Não é justo da nossa parte estar a pensar em abrir novas passagens/ruas quando é necessário alargar e requalificar outros caminhos já existentes.
EB: E em relação ao Plano de Atividades? É abrangente a todos os lugares da vila?
PG: Nós temos tanques públicos degradados que pretendemos recuperar; temos em vista o arranjo e alargamento de alguns caminhos; a limpeza de contentores e bermas em vários lugares. É um Plano de Atividades abrangente mas devo dizer que a nossa Junta de Freguesia foi assaltada e levaram uma quantia considerável em dinheiro, pelo que ficamos com uma verba inferior para investir onde for necessário.
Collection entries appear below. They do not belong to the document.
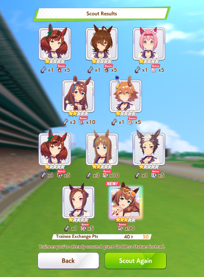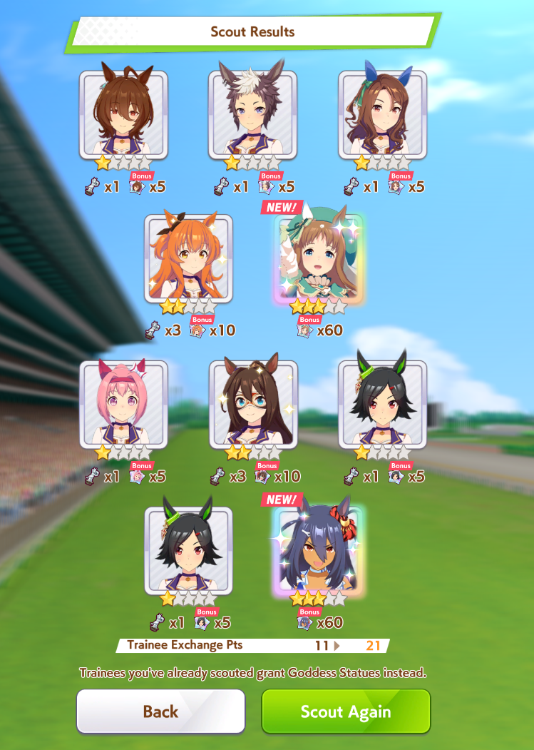 I had to pity to get Special week.On the good side I 5* my first uma.Chikezo!It was a close race between Ticket Ryan and Matikanefukukitaru.
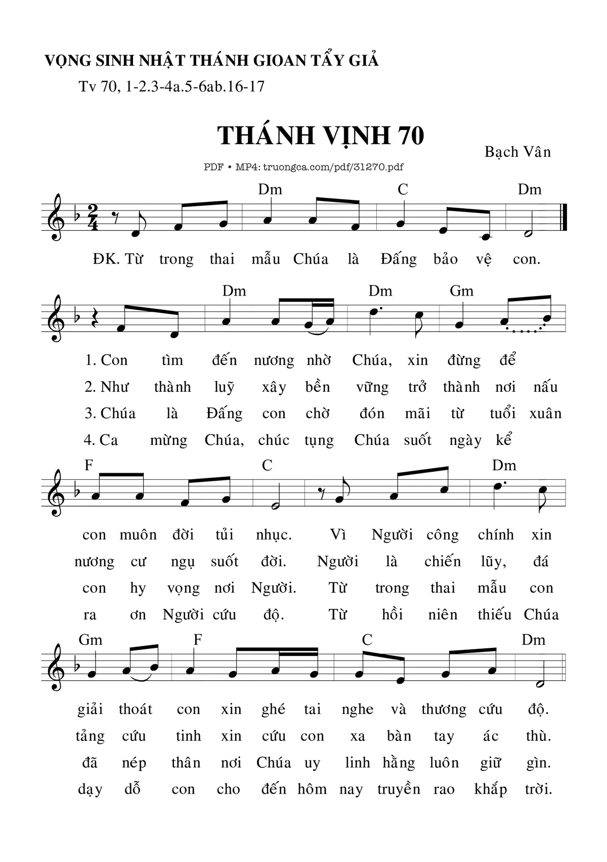 Sheet nhạc có nốt Thánh Vịnh 70, Lễ Vọng Sinh Nhật Thánh Gioan Tẩy Giả của nhạc sĩ Bạch Vân và file PDF nốt nhạc đăng lên đây nhằm giúp các bạn xướng âm cho đúng nốt và hát thêm hay, chỉ mang tính chất tham khảo, không có mục đích thương mại. Bản quyền thuộc về tác giả và tổ chức nắm bản quyền, Truongca.com không giữ bất kỳ bản quyền của nội dung nào cả. Các bạn có thể tải về bản PDF chất lượng cao, gồm khuông nhạc có nốt với đường link file PDF bên trên.
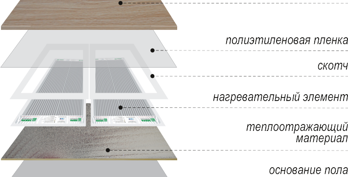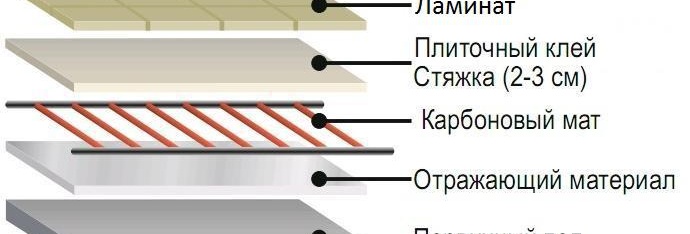 Преди ламиниран паркет на пода на филма трябва да го проверите, след което полагаме защитния материал (пластмасово фолио). Резултатът е конструкция с незначителна дебелина, която не оказва влияние върху разстоянието между тавана и пода на помещението. Дори може да се нарече най-доброто подово отопление под ламинат.
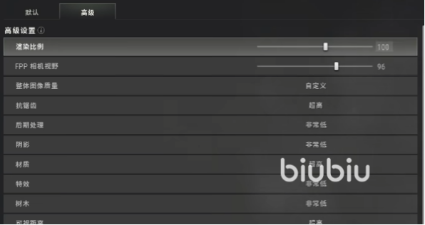 而高级这里渲染比例建议调整到一百,因为一百以上显卡的占用率会更高一点,如果角色进入到烟雾里面大概有五六十帧,会比较影响操作。另外抗锯齿、材质和可祝距离需要调整到超高,这样方便我们打排位的时候更好的看到车。
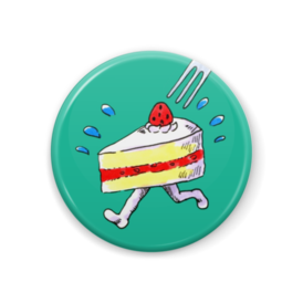 缶バッジ - 44mmフォークから逃げているケーキの缶バッジです。 この商品はpixivFACTORYで作られた商品です。サンプル画像は完成イメージのため、実物と異なる場合があります。
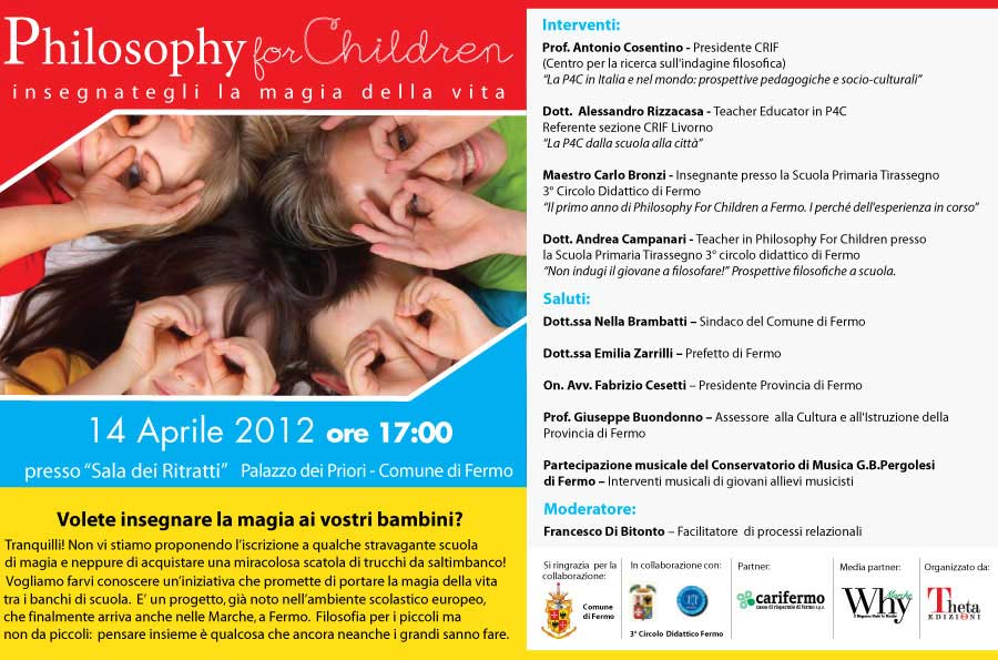 Un evento patrocinato dal Comune e dalla Provincia di Fermo che è arrivato per la prima volta nelle Marche volto a portare la magia della filosofia tra i banchi di scuola. Filosofia intesa non come materia ma come metodologia che permette agli alunni di confrontarsi su vari temi della vita. Temi come l’amicizia o la libertà, per fare alcuni esempi. Si è trattato di un vero e proprio momento formativo per gli alunni ma anche per gli stessi insegnanti. L’evento è stato presentato in conferenza stampa e poi è stato portato all’interno del Palazzo dei Priori di Fermo con un invito ben accolto da dirigenti, docenti delle scuole di ogni ordine e grado, bambini, ragazzi e famiglie.
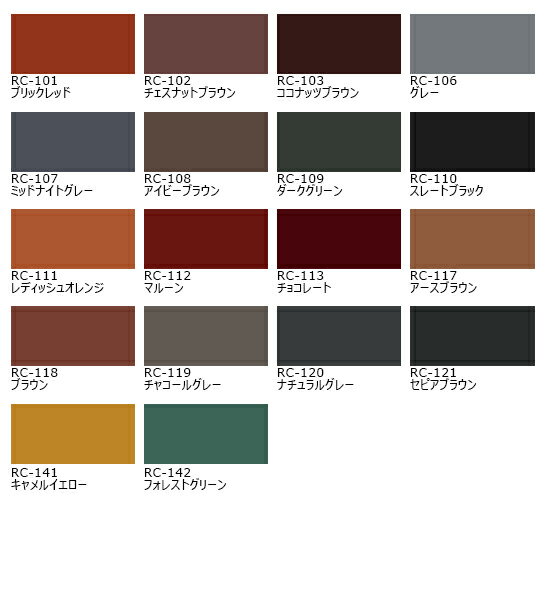 エスケー化研 一液プレミアムルーフシリコン 各色一覧 標準色 一液プレミアムルーフシリコン ツヤ有 標準色(コロニアル,スレート用)14K 標準色濃彩 一液プレミアムルーフシリコン ツヤ有 標準色濃彩(コロニアル,スレート用)14K 標準色 一液プレミアムルーフシリコン ツヤ有 標準色(トタン,金属用)14K 標準色濃彩 一液プレミアムルーフシリコン ツヤ有 標準色濃彩(トタン,金属用)14K 専用下塗材 一液マイルドシーラーES クリヤー 14K コロニアル、スレート専用下塗材 専用下塗材 マイルドサビガード 各色 16K トタン専用下塗り材 専用下塗材 マイルドボーセイ 各色 16Kセット ガルバニウム鋼板専用下塗材 商品説明 内容量 16K 希釈 塗料シンナーA 特徴 超耐候形一液弱溶剤特殊シリコン樹脂屋根用塗料 14K 1缶で50〜63平米(2回塗)塗装できます。 塗装方法。 刷毛、ローラーなどで塗装します。サンドペーパー、ウエスなどで素地面をきれいにしてから2回塗りしてください。 5〜20%程度の塗料シンナーAで希釈してください。 コロニアル、スレートの専用下塗り材は「一液マイルドシーラーES」です。 トタン屋根の専用下塗り材は「マイルドサビガード」です。 ガルバニウム鋼板の専用下塗り材は「マイルドボーセイ」です。 適用下地 コロニアル、スレート、トタン、ガルバニウム鋼板

EB: Quais são as suas prioridades como presidente de Junta?
PG: A minha prioridade são as pessoas. De que vale fazermos seja o que for se não temos pessoas? E é por isso que valorizo as associações porque é nas associações onde as pessoas se juntam. Eu não vou mudar o mundo mas gostava que olhássemos para os indivíduos não como objetos ou por interesse mas como Pessoas.
EB: Esteve ligado durante vários anos ao PS…
PG: Estive 16 anos na Assembleia de Freguesia de Cavez pelo Partido Socialista. Mas digo-lhe aquilo que já disse ao presidente da Câmara, em conversa. Neste momento eu não sou do PS, nem do PSD, nem de nenhum movimento Independente. Eu sou da minha freguesia e o meu interesse é defender os interesses da freguesia até ao limite. E neste momento quero, acima de tudo, respeitar porque não é de bom tom estar aqui a dizer mal e a fazer críticas. Se eu saí é porque houve coisas que não me agradaram e posso falar disso um dia destes mas não agora.
EB: Quer acrescentar mais alguma coisa?
PG: Entristece-me o facto de não termos ainda concluída a Zona Industrial pois somos, porventura, a vila com mais empresários por metro quadrado, onde temos, no perímetro de Cavez, 7 das 10 maiores empresas do concelho de Cabeceiras de Basto ao nível do volume de negócios.
Também não se percebe como é que uma vila como a nossa não tem o Posto de Saúde a funcionar a tempo inteiro quando temos aqui ao lado a freguesia de Gondiães, cujos habitantes têm de fazer 82 km para se deslocarem até Cabeceiras de Basto, em estrada sinuosa. Na minha opinião devíamos fazer com que as pessoas que estão mais longe da sede da vila chegassem com mais facilidade ao Posto de Saúde e podíamos ter o nosso posto a funcionar cinco dias por semana porque estamos mais próximos da população de Gondiães.
Compreende-se mal o facto de termos uma estrada sinuosa e perigosa, que vai de Moimenta para Gondiães, e não a melhorarmos pois, devido às pedreiras que aí estão localizadas, esta estrada traz-nos desenvolvimento.
Cavez tem potencialidades turísticas fora do vulgar e temos capacidade para impulsionar estas potencialidades.
Também gostava de ver a floresta melhor aproveitada ao nível dos recursos pois o potencial das árvores traz mais riqueza. Não é por acaso que ao longo de muito tempo foram feitas obras em Arosa, Moimenta e Rabiçais com o apoio dos Conselhos Diretivos de Baldios e isso significa que havia dinheiro. Acredito que se a requalificação das florestas estiver melhor, melhor poderão ser apoiadas as populações desses lugares.